Following this attitude, we wonder which are the properties that a complex system (and, in particular, those exhibiting emergent behaviours) may have for being more or less accessible to our knowledge by applying the scientific method, and we address this question by focusing on the analysis of the encoded description of M. In this sense, we align with the proposal of de Haan [7], who highlights the necessity of a general epistemological framework in which emergence can be addressed, and we need to incorporate in this framework arguments to determine what should be understood as epistemologically accessible.

An interesting condition for epistemological accessibility was proposed by Bedau when he coined the term weak emergence for those emergent processes that are epistemologically accessible only by simulation [8]. The idea is that a simulation would demonstrate the supervenience of upper level properties from lower level constituents, even if the mechanistic process leading to the observed pattern is not completely understood, i.e. it is not possible to compress the simulation into a compact set of rules explaining how the outcome is determined. Therefore, it provides an objective definition of emergence based on computational incompressibility, that has been explored by different models such as cellular automata [9, 10] or genetic algorithms [11], approximations that were later called computational emergence [12].

Nevertheless, Bedau also pointed out that if it is not possible from the simulations to recover regularities that may lead us to describe the system under compact laws, the above computational approximations should be understood as non-epistemic, hence being useless in deciphering the principles governing the emergence of a property [8]. Furthermore, Huneman rightly emphasized that this is an important question to understand the relationship between computational models and processes observed in nature [13] and, for those computational models depicting regularities in their global behaviour, coined the term robustly emergent models.

There is a last notion of emergence we would like to discuss that has been considered fundamental –as opposed to epistemological–, which is called strong emergence [14]. In physics it is frequently assumed that knowing the positions and velocities of particles is sufficient to determine the pairwise interactions. This assumption is frequently found in physics-inspired models of collective behaviour, where individual motion results from averaging the pairwise responses to each neighbour. Bar-Yam reasoned, however, that this assertion would not hold if the system is embedded in responsive media –such as the motions of impurities embedded in a solid– or in any process where global optimization (instead of local) is involved. In this way, if there is a constraint in the system acting on every component simultaneously and it is strong enough –i.e. a strong global constraint– it is not possible to determine the state of the system considering only pairwise interactions. In a sense, the parts are determined downwards from the state of the whole, with consciousness being a paradigmatic example suggested for strong emergence [15].

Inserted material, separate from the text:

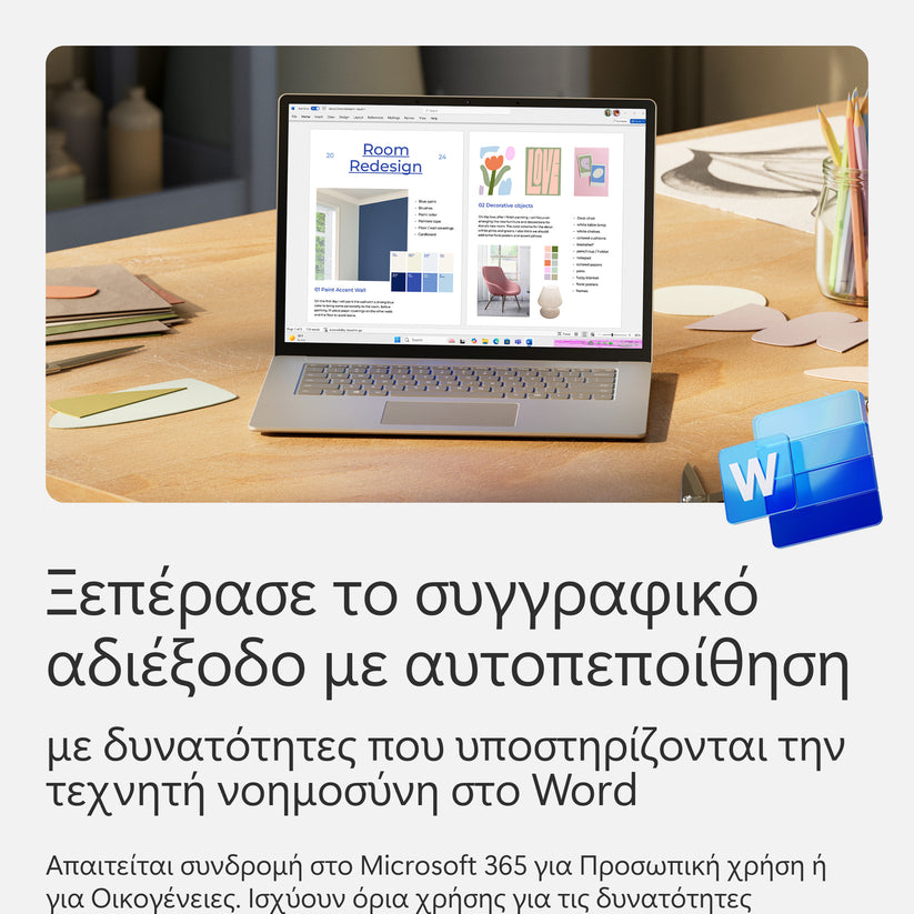 - Εφαρμογές Word, Excel2, PowerPoint, Outlook3 και OneNote για υπολογιστή με το Microsoft Copilot.4

In this paper, we investigate which are the conditions that a natural system depicting an emergent property may possess to be compatible with the notion of robust emergence. To address this task, we will shift the attention from computational models to focus on the analysis of experimental data (see Fig 1). We will follow the view in which emergence is considered a “relation between descriptions of models of natural systems and not between properties of an objective reality in itself” [16] although, as we will see immediately, we will not renounce to talk about ontology. In particular, we aim to understand the relation between macroscopic descriptions of emergent behaviours and their microscopic counterparts, a map similar to the one proposed by Kim [5]. This map has been criticized by Mitchell saying that it is static, and that it cannot account for the dynamical nature of systems depicting emergent behaviours [17]. But here we show that the ability to find what we will call a compact description of the microstates’ ensemble depends indeed on the dynamical features of the system and, in particular, on how the components are entangled through internal and external constraints. In this way, the minimal explanation we look for resides in the description of the microstates’ constraints, and the epistemological accessibility will be related with our ability to find and compress such a description. Our strategy starts from experimentally characterized microscopic states associated to a macroscopic emergent observation, and investigates which kind of regularities found in these microstates are more difficult to compress and why. We believe that this is a necessary a priori step for any approach aiming to model the observed process, and thus scientifically sound notions of emergence should focus first on this process.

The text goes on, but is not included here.